▶ _PROBLEM REQUIREMENTS_: Once you reach the line with "Dispone di 4" in the material below, copy each line exactly up to and including the line with "Temperature Contour Plot", and skip the pictures.

▶ _PROVIDED DATA_:
______________________________
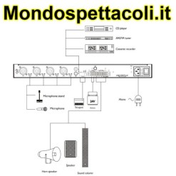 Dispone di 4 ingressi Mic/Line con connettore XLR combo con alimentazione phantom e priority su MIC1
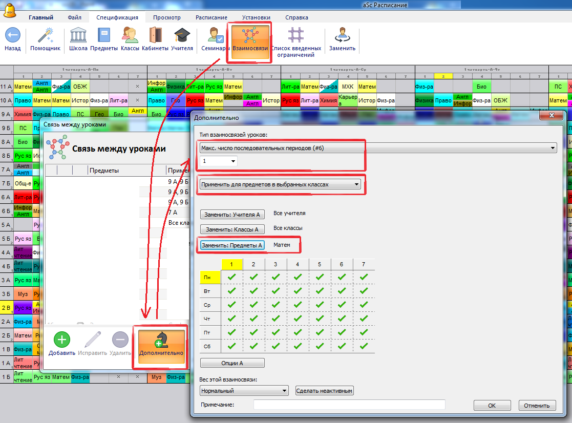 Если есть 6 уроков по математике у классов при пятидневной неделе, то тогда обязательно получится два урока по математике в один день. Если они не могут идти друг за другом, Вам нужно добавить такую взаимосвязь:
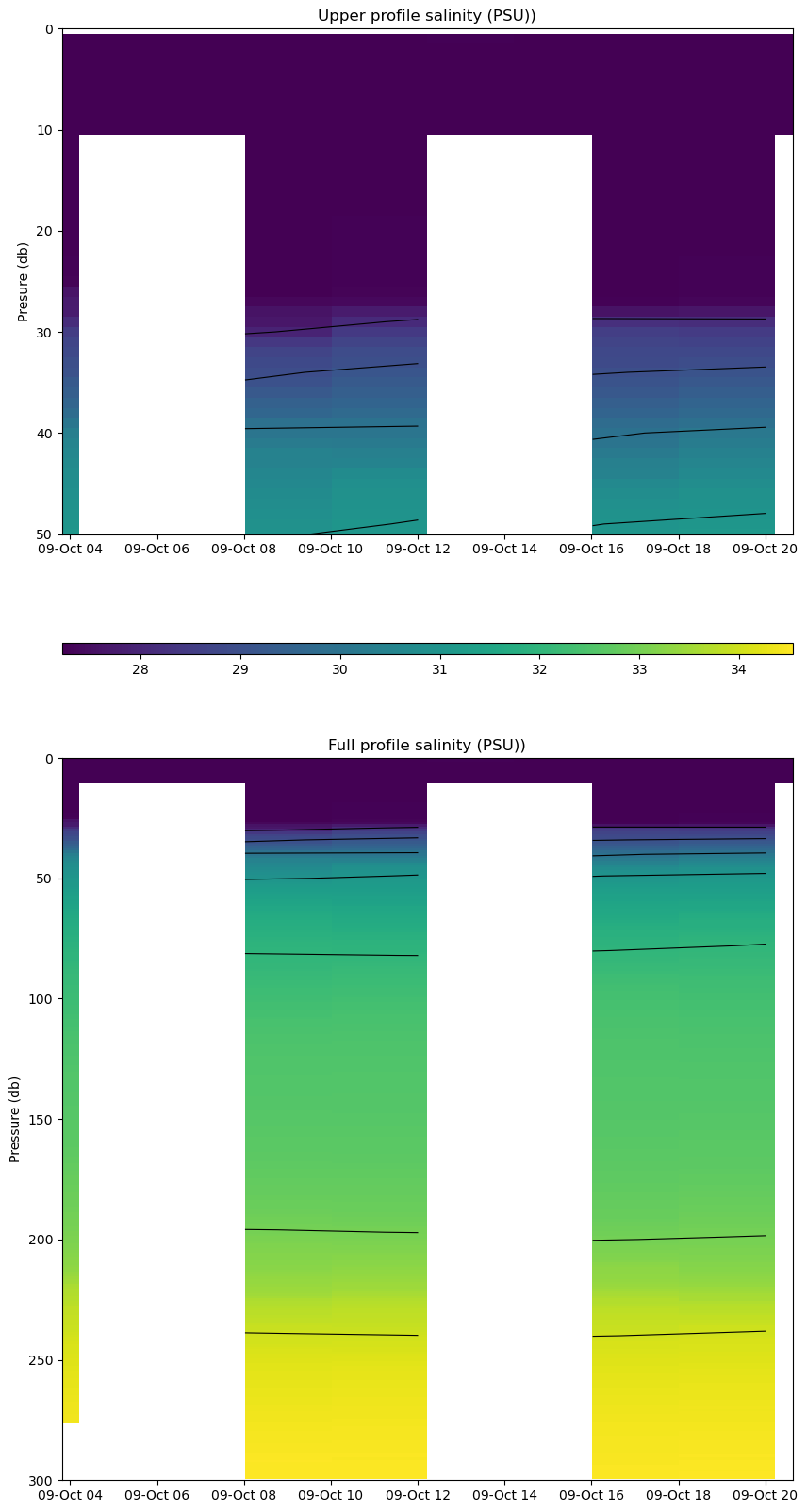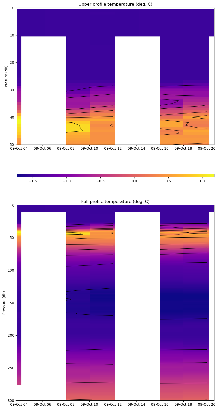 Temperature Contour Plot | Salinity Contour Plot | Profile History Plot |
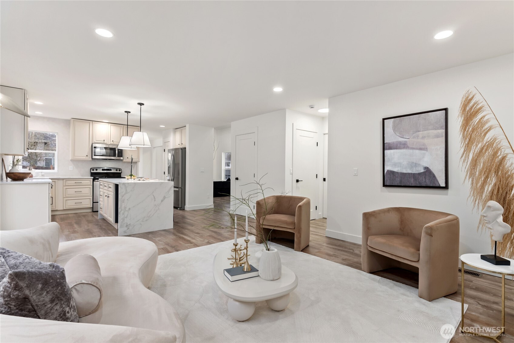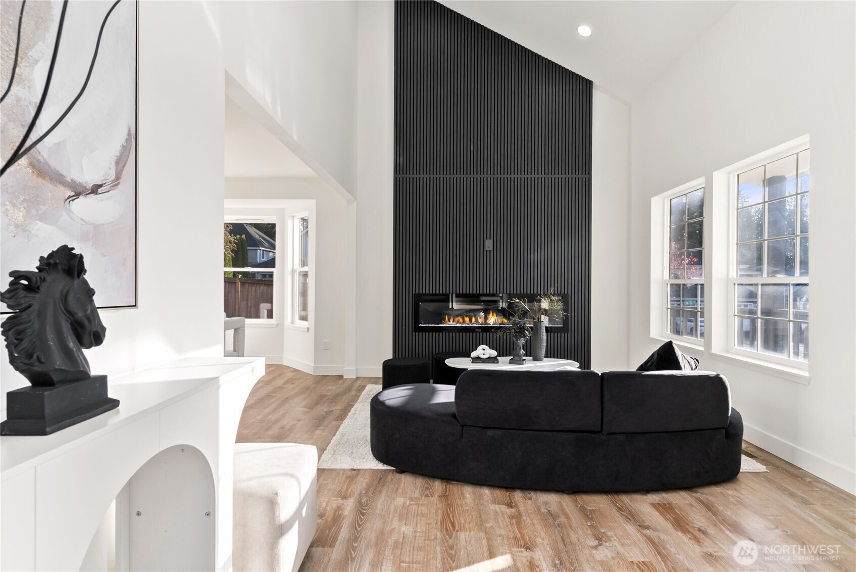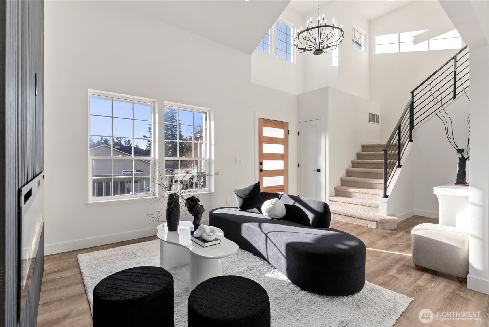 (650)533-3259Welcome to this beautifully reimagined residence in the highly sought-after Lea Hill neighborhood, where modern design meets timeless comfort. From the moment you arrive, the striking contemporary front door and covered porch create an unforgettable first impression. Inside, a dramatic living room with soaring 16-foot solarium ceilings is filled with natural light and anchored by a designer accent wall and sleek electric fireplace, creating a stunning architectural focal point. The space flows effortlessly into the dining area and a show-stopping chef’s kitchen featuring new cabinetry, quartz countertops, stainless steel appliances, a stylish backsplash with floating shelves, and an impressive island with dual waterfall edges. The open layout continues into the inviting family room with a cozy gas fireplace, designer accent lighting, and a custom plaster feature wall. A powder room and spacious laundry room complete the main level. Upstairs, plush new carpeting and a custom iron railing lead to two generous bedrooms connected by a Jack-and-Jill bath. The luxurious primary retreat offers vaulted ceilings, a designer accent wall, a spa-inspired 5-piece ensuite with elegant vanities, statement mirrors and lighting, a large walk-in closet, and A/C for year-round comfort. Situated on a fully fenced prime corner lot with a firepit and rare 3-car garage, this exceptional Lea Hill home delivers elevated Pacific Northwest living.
______________________________
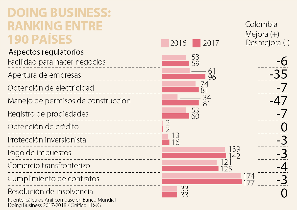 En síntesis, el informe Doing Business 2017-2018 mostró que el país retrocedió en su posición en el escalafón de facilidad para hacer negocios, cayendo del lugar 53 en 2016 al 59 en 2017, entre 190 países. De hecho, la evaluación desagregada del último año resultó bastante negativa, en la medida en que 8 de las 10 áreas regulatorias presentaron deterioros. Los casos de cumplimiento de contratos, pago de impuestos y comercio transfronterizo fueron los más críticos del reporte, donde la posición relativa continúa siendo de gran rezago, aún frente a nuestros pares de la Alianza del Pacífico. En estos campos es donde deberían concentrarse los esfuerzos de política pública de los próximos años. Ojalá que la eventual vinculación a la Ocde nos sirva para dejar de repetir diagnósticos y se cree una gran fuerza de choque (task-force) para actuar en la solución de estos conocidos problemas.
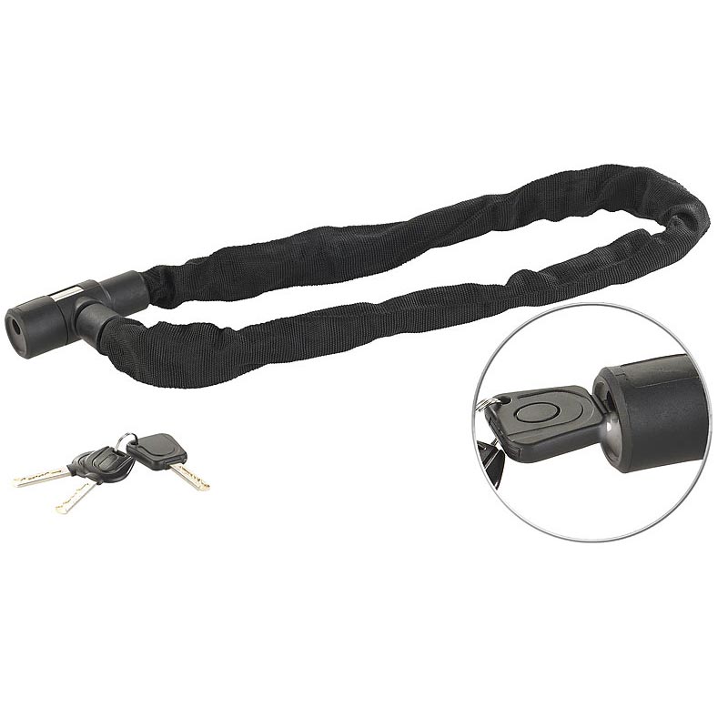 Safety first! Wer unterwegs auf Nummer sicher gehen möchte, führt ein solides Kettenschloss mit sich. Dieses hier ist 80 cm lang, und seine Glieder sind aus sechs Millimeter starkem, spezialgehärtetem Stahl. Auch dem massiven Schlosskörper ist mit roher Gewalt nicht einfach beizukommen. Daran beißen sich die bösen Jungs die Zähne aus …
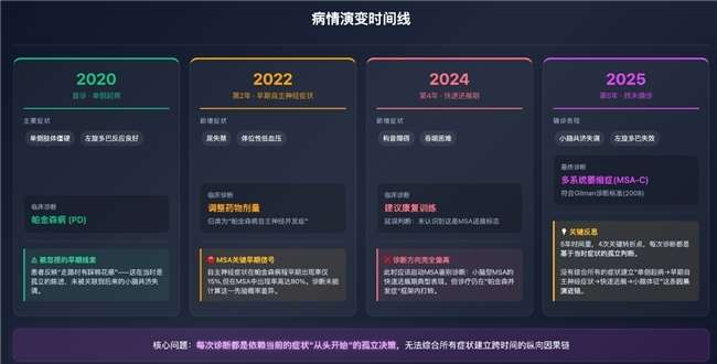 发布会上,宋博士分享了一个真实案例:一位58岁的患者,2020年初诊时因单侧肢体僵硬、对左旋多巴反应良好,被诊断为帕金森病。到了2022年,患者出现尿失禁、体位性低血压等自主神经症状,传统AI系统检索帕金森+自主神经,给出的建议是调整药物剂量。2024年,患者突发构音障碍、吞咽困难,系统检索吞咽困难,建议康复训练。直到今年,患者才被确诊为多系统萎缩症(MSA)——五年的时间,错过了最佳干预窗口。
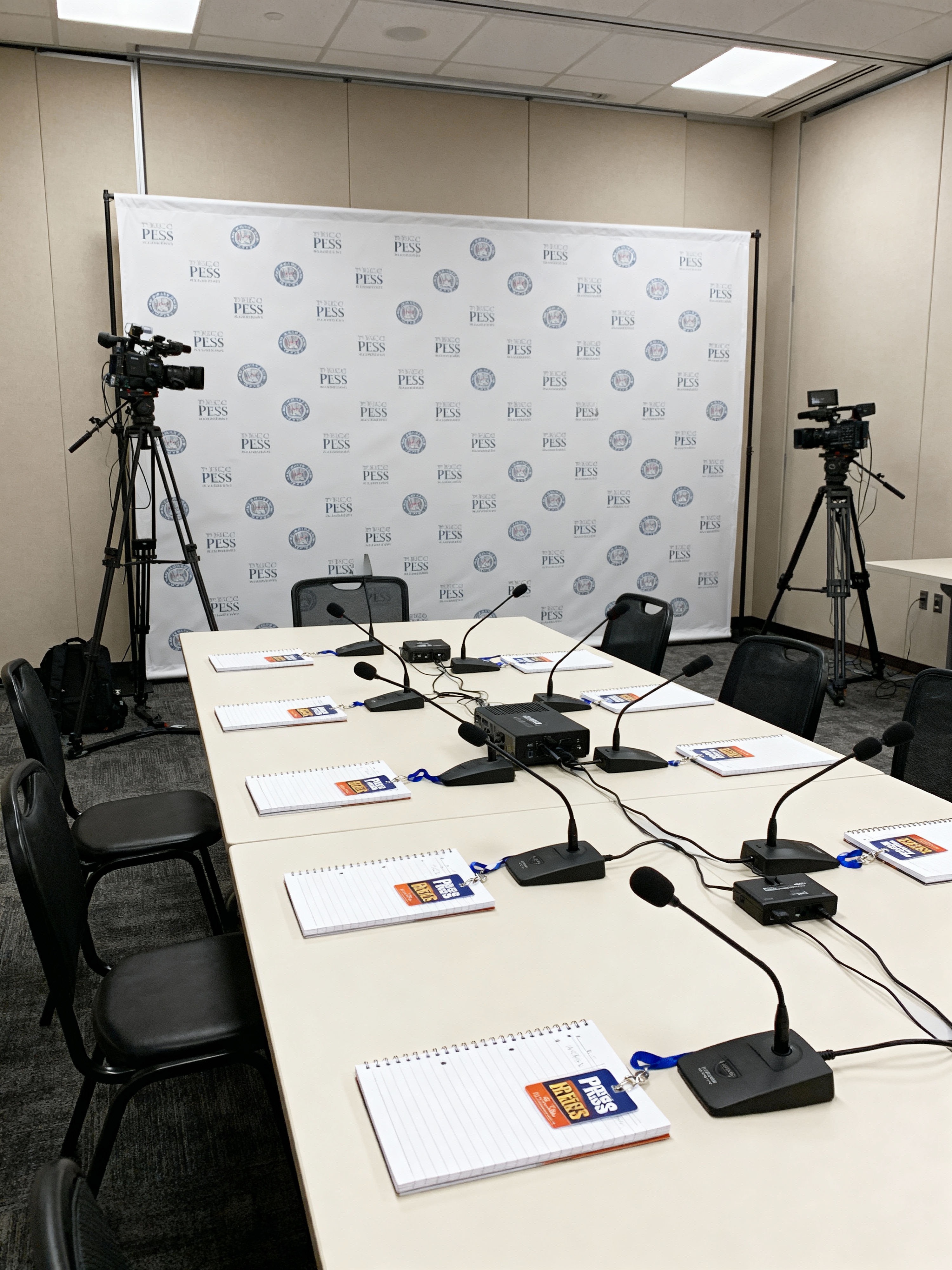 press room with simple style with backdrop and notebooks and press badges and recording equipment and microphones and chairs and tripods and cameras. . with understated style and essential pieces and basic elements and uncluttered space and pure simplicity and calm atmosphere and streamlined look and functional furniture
______________________________
▶ _RESULT OF THE TASK_:
 Dispone di 4 ingressi Mic/Line con connettore XLR combo con alimentazione phantom e priority su MIC1
 Если есть 6 уроков по математике у классов при пятидневной неделе, то тогда обязательно получится два урока по математике в один день. Если они не могут идти друг за другом, Вам нужно добавить такую взаимосвязь:
 Temperature Contour Plot | Salinity Contour Plot | Profile History Plot |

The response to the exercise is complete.